That's when I know I'm seeing rock & roll doing what it's meant to do: when the singer is telling the audience's story.

Monday
May212012

Deliver Us From Nowhere

This play is a haunted "album" of one-acts that brilliantly and originally adapts each song on Bruce Springsteen's 1980 "Nebraska" album, in the same sequence as on the album.  If you know the album, these stories already haunt your consciousness.  They take place on lonely, dark, deserted stretches of road: a "nowhere."  The people in the songs seem to exist in a void.  They're full of dread as they hurtle down the highway, fleeing their demons, with only the glow of the dashboard light to keep darkness from swallowing them up.  

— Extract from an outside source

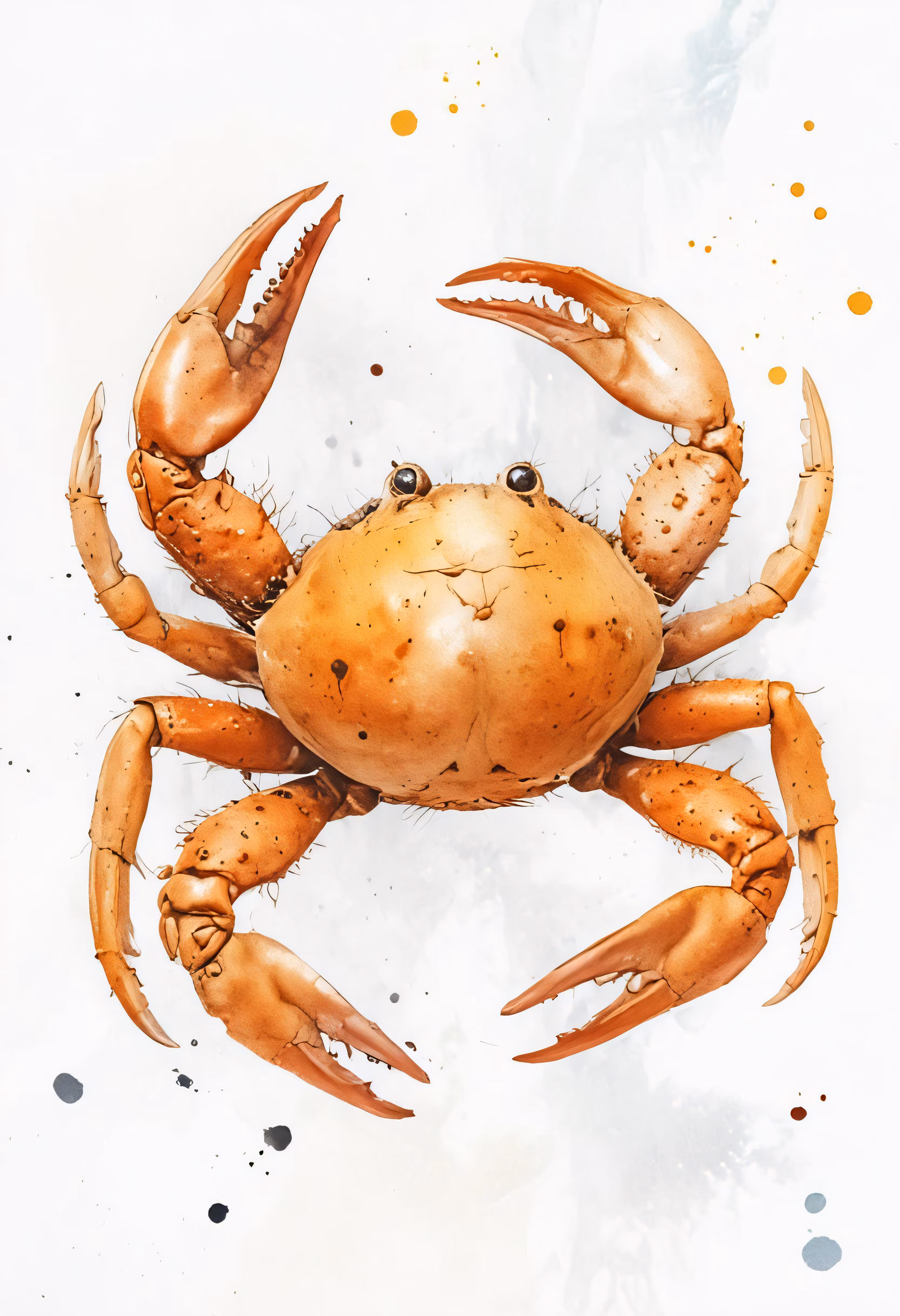 High resolution picture, free to use, crab sitting on a surface with watercolor stains

The "Nebraska" record is so cinematic; it creates movies in your head.  And now they're created plays in the heads of these playwrights.  These plays play with the songs, coming at them at oblique angles.  The effect is to cross "Nebraska" with David Lynch and "The Twilight Zone."   It's a fascinating example example of the creative process: taking the art that inspires you and making your own thing out of it.

Bob Fisher's "Johnny 99" imagines what would happen if Johnny and his frantic, unstable girlfriend kidnapped Mean Judge Brown, who sentenced him to "99 and a day."  Johnny's in the pokey, cajoling his girl via cell phone to exact revenge.  It's comic where the original was chilling, Springsteen via "Creepshow" or Tarantino.  The judge's voice is unforgetable, resounding through the small space. The actor who played Johnny gave my favorite performance.

"Everything dies, baby that's a fact/But maybe everything that dies, someday comes back."  Bruce's line was inspired by the movie "Atlantic City."  So here we have a movie inspiring a song which inspired a play.  Thus, the creative process.  A man crouches over a corpse in a black cocktail dress while a woman in her underwear sits far away.  It's a mix of memory and reverie, vision and dream.  And horror--the woman looks like a zombie.   The zombie woman strips to her underwear, the woman in her underwear slips into the cocktail dress.  They're the same woman, and yet they're not.   

In a moving "Mansion On The Hill," a man quietly remembers his mother, his sister and his father by removing their clothing from a suitcase he carries and hanging them on a clothesline.  He tells the audience their story directly.

In "Used Cars," a family drives.  The car is full of pent-up emotions.  In the backseat are two children, a boy who plays with a teenage Ninja turtle and his sister in a tutu.  There's a twist ending. 

I think I'll always think of Dennis Fraymire now as Frank, the bad brother in "Highway Patrolman."  When the lights go out, the two brothers use flashlights in their standoff the way people use pistols in John Woo movies.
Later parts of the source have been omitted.